(Data records)
►
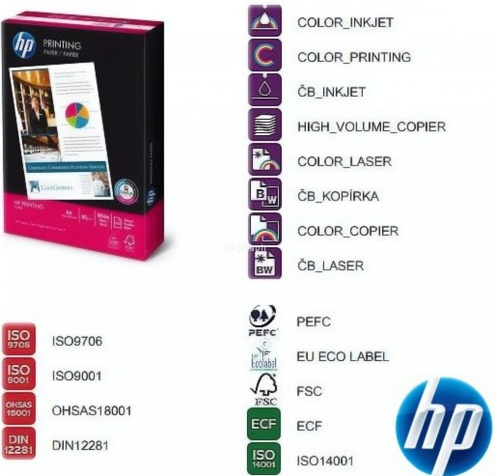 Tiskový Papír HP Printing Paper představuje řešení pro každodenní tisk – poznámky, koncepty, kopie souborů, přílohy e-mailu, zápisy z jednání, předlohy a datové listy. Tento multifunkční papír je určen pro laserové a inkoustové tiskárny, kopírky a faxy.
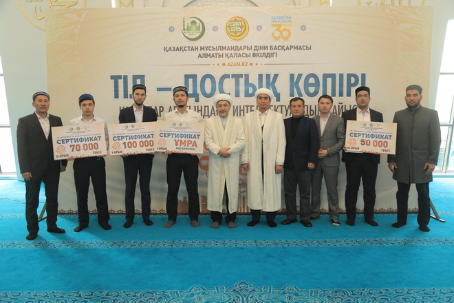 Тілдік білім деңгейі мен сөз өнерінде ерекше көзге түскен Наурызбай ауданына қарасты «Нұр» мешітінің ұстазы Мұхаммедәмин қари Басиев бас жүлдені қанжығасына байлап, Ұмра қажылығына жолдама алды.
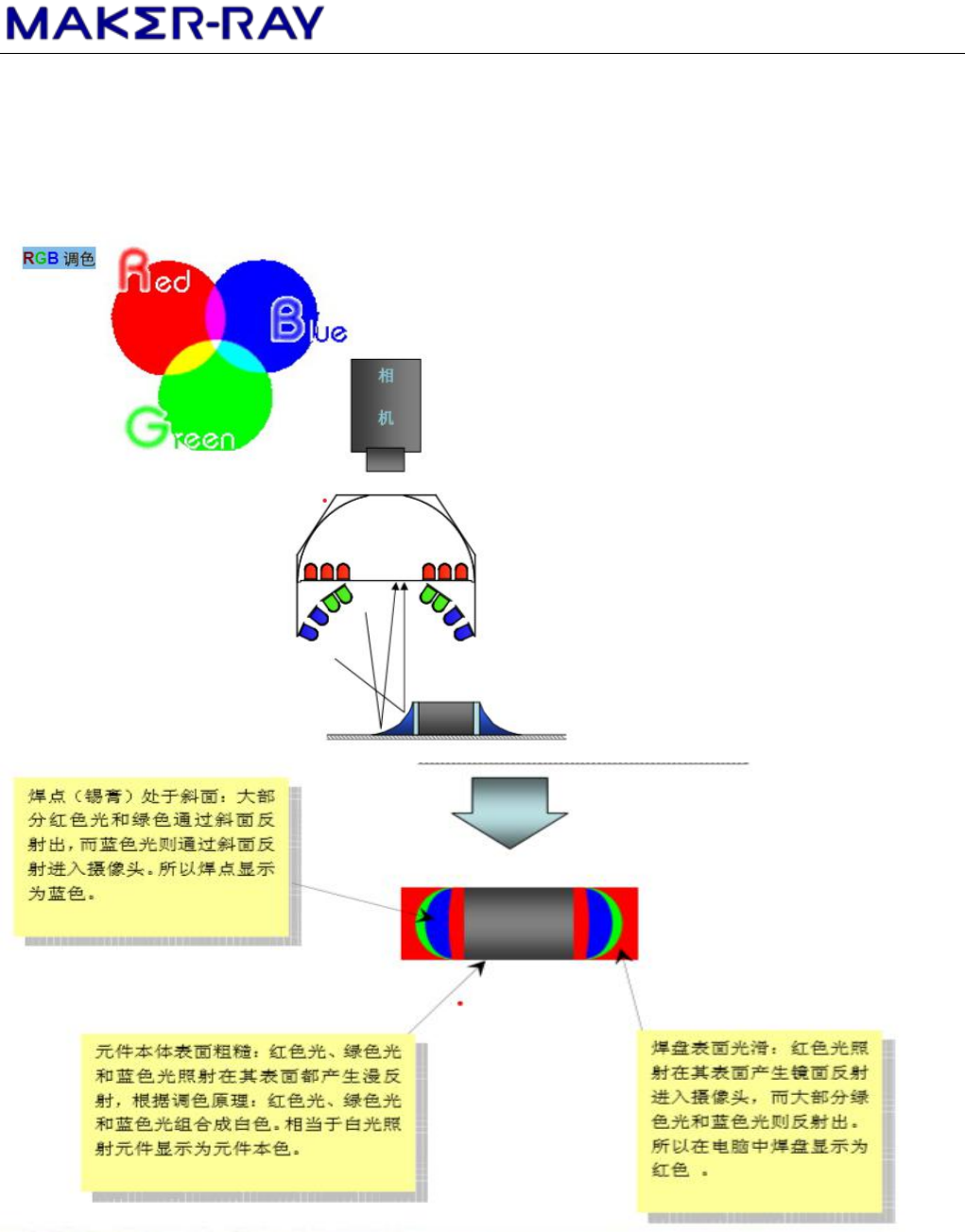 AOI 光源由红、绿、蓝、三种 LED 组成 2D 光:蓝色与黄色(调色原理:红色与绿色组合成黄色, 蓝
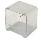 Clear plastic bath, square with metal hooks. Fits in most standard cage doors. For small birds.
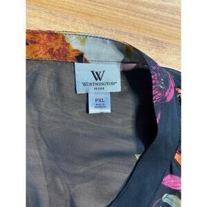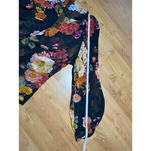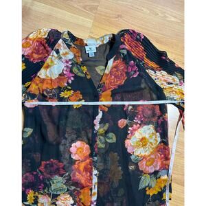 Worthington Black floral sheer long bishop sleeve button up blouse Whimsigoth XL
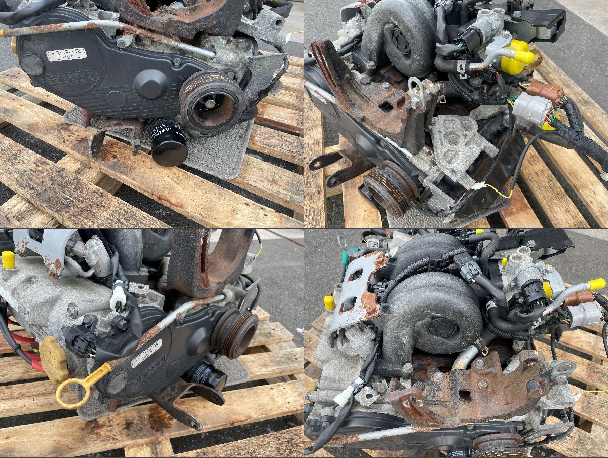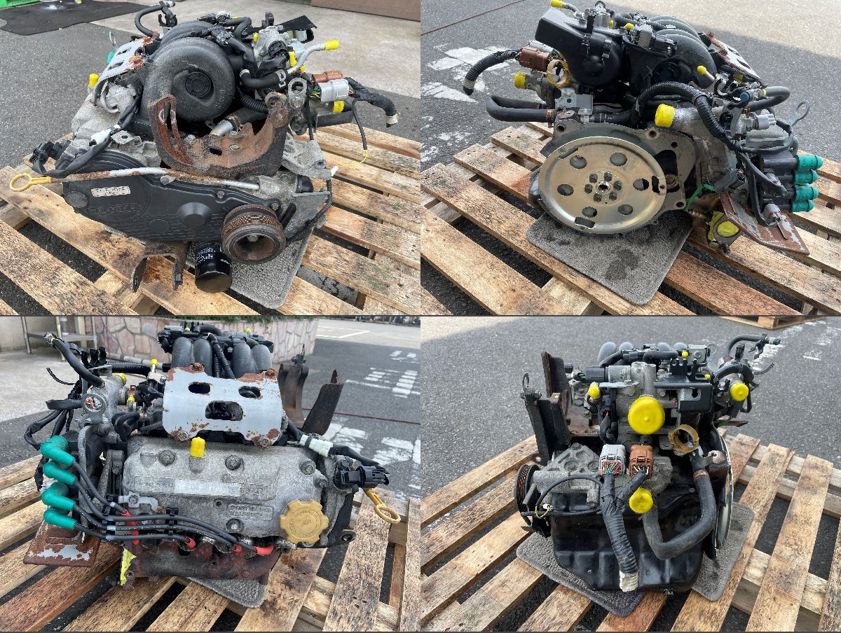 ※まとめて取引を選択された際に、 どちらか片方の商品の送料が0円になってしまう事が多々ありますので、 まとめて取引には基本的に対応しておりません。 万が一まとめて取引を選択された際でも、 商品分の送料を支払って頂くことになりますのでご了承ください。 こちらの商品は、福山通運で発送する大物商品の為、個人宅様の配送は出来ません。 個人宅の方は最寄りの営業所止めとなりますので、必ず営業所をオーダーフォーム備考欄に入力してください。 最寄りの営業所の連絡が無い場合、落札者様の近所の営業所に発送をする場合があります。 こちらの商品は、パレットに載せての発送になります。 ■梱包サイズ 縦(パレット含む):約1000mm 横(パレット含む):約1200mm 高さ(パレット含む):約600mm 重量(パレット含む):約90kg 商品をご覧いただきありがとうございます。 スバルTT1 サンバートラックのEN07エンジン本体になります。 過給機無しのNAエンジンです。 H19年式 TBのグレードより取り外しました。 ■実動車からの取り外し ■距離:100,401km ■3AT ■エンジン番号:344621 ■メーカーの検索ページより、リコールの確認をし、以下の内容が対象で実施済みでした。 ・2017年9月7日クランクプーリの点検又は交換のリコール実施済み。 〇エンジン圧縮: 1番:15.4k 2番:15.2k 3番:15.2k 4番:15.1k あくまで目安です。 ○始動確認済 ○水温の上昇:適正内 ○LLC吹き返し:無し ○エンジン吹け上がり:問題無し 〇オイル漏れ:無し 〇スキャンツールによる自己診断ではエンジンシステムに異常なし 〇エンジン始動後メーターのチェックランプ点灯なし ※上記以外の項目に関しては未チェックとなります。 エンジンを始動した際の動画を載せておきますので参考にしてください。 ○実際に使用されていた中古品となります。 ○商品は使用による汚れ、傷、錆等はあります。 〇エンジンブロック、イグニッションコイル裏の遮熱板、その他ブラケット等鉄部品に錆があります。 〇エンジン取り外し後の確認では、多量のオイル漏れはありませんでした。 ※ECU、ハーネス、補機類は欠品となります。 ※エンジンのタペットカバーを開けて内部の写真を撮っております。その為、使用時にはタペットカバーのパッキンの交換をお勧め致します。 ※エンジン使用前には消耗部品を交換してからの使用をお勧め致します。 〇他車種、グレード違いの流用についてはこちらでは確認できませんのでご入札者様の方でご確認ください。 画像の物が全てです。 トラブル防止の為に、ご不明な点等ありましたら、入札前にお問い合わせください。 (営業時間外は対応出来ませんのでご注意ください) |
◄
*What you will do:*
Only the text of the records is to be reproduced exactly; skip the pictures.

*Answer space:*
 Tiskový Papír HP Printing Paper představuje řešení pro každodenní tisk – poznámky, koncepty, kopie souborů, přílohy e-mailu, zápisy z jednání, předlohy a datové listy. Tento multifunkční papír je určen pro laserové a inkoustové tiskárny, kopírky a faxy.
 Тілдік білім деңгейі мен сөз өнерінде ерекше көзге түскен Наурызбай ауданына қарасты «Нұр» мешітінің ұстазы Мұхаммедәмин қари Басиев бас жүлдені қанжығасына байлап, Ұмра қажылығына жолдама алды.
 AOI 光源由红、绿、蓝、三种 LED 组成 2D 光:蓝色与黄色(调色原理:红色与绿色组合成黄色, 蓝
 Clear plastic bath, square with metal hooks. Fits in most standard cage doors. For small birds.
 Worthington Black floral sheer long bishop sleeve button up blouse Whimsigoth XL
 ※まとめて取引を選択された際に、 どちらか片方の商品の送料が0円になってしまう事が多々ありますので、 まとめて取引には基本的に対応しておりません。 万が一まとめて取引を選択された際でも、 商品分の送料を支払って頂くことになりますのでご了承ください。 こちらの商品は、福山通運で発送する大物商品の為、個人宅様の配送は出来ません。 個人宅の方は最寄りの営業所止めとなりますので、必ず営業所をオーダーフォーム備考欄に入力してください。 最寄りの営業所の連絡が無い場合、落札者様の近所の営業所に発送をする場合があります。 こちらの商品は、パレットに載せての発送になります。 ■梱包サイズ 縦(パレット含む):約1000mm 横(パレット含む):約1200mm 高さ(パレット含む):約600mm 重量(パレット含む):約90kg 商品をご覧いただきありがとうございます。 スバルTT1 サンバートラックのEN07エンジン本体になります。 過給機無しのNAエンジンです。 H19年式 TBのグレードより取り外しました。 ■実動車からの取り外し ■距離:100,401km ■3AT ■エンジン番号:344621 ■メーカーの検索ページより、リコールの確認をし、以下の内容が対象で実施済みでした。 ・2017年9月7日クランクプーリの点検又は交換のリコール実施済み。 〇エンジン圧縮: 1番:15.4k 2番:15.2k 3番:15.2k 4番:15.1k あくまで目安です。 ○始動確認済 ○水温の上昇:適正内 ○LLC吹き返し:無し ○エンジン吹け上がり:問題無し 〇オイル漏れ:無し 〇スキャンツールによる自己診断ではエンジンシステムに異常なし 〇エンジン始動後メーターのチェックランプ点灯なし ※上記以外の項目に関しては未チェックとなります。 エンジンを始動した際の動画を載せておきますので参考にしてください。 ○実際に使用されていた中古品となります。 ○商品は使用による汚れ、傷、錆等はあります。 〇エンジンブロック、イグニッションコイル裏の遮熱板、その他ブラケット等鉄部品に錆があります。 〇エンジン取り外し後の確認では、多量のオイル漏れはありませんでした。 ※ECU、ハーネス、補機類は欠品となります。 ※エンジンのタペットカバーを開けて内部の写真を撮っております。その為、使用時にはタペットカバーのパッキンの交換をお勧め致します。 ※エンジン使用前には消耗部品を交換してからの使用をお勧め致します。 〇他車種、グレード違いの流用についてはこちらでは確認できませんのでご入札者様の方でご確認ください。 画像の物が全てです。 トラブル防止の為に、ご不明な点等ありましたら、入札前にお問い合わせください。 (営業時間外は対応出来ませんのでご注意ください) |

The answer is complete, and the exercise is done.